There have been a record-breaking number of construction insolvencies in the UK over the past twelve months – in March 2023 alone, 38 construction companies entered into administration. In the last two months we have seen two high profile insolvencies: Henry Construction and Buckingham Group (two large contractors turning over £402m and £665m respectively), have entered into administration.

But will these insolvencies have a detrimental effect on the bond market? The answer is yes – these insolvencies are large insured exposures for the surety market and, as a result, it has taken a blow. Bond providers are now seeking to manage risk by tightening bond capacity. Brokers and bond providers are warning contractors that it will now be significantly more difficult to obtain bonds in light of the high-profile insolvencies we have seen this year and, further, if contractors are able to obtain bonds, it is likely they will be paying a hefty premium.
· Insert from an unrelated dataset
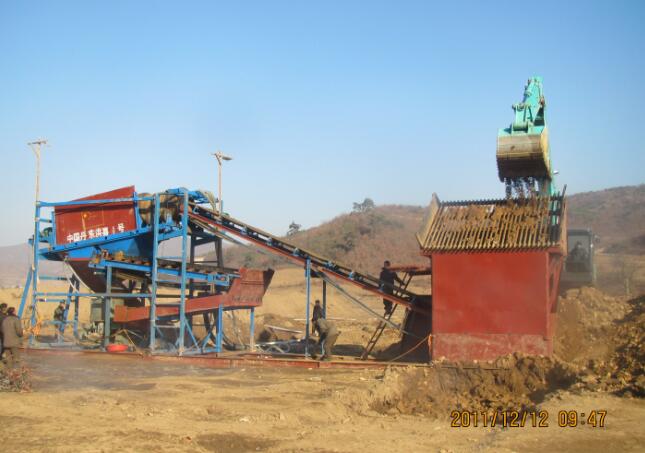 選礦機干枯河道河床選金設(shè)備產(chǎn)量在國內(nèi)外的很多沙金礦區(qū)中多是遠(yuǎn)古時期地殼運動所留下的干枯的河道,河床,往往沙金的含量是比較高的,這都是有根據(jù)的.在干枯河道中選金,往往含廢料比較多,像是費石子,有的還有樹根的其他雜物含量也是比較多.這樣在選礦的時候設(shè)備一定要選擇好.可以采用挖掘機或鏟車上料,如果還有水的話也可以采用抽沙泵上料進(jìn)入沙金提取設(shè)備. 挖掘機或鏟車上料至選金設(shè)備料斗,振動料斗振動均勻下料至滾筒洗礦分離篩,進(jìn)行篩分,將礦中所含有的石子,或樹根等其他廢料篩分出去,含金的礦料經(jīng)過滾筒洗礦分離篩的篩分沖洗進(jìn)入選金槽或者離心機或魯晟機械所研制的新型跳汰機進(jìn)行選金,金子和重沙留在里面,沙子就排走了.魯晟機械制造的河道河床選金設(shè)備出口了多個地區(qū),有移動式的有振動式的多種,受到礦老板們的一致好評.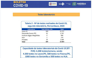 Lacen-PE, e também de testes rápidos, feitos por laboratórios da rede

Surety in the construction industry is an important tool to provide protection to all parties involved in a construction project. But if providers are tightening bond capacity, and contractors cannot procure bonds, how else can parties get this protection? We have considered three alternative forms of security commonly used in construction projects. 

Parent Company Guarantee

A parent company guarantee (PCG) is granted by the parent (or holding) company of a party to guarantee the performance of the subsidiary company’s contractual obligations.

A true PCG can only ever be a secondary obligation (and not a primary obligation). The significance of this is that a true PCG can only be triggered in the event the contracting party defaults on its obligations under the contract. However, parent companies should ensure the document that outlines the PCG clearly states the parent is only liable in the event of a default by the subsidiary company. Otherwise, the PCG may actually be an indemnity and confer a primary obligation on the parent company – a far greater undertaking because an indemnity is independent of the underlying contract and will be valid even if the underlying transaction is set aside – a guarantee will not.

Further, in order for a true PCG to be enforceable it must be in writing (and if you are as boring as I am then you will know this is a requirement of section 4 of the Statute of Frauds Act 1677). However, unlike guarantees, indemnities can be made verbally.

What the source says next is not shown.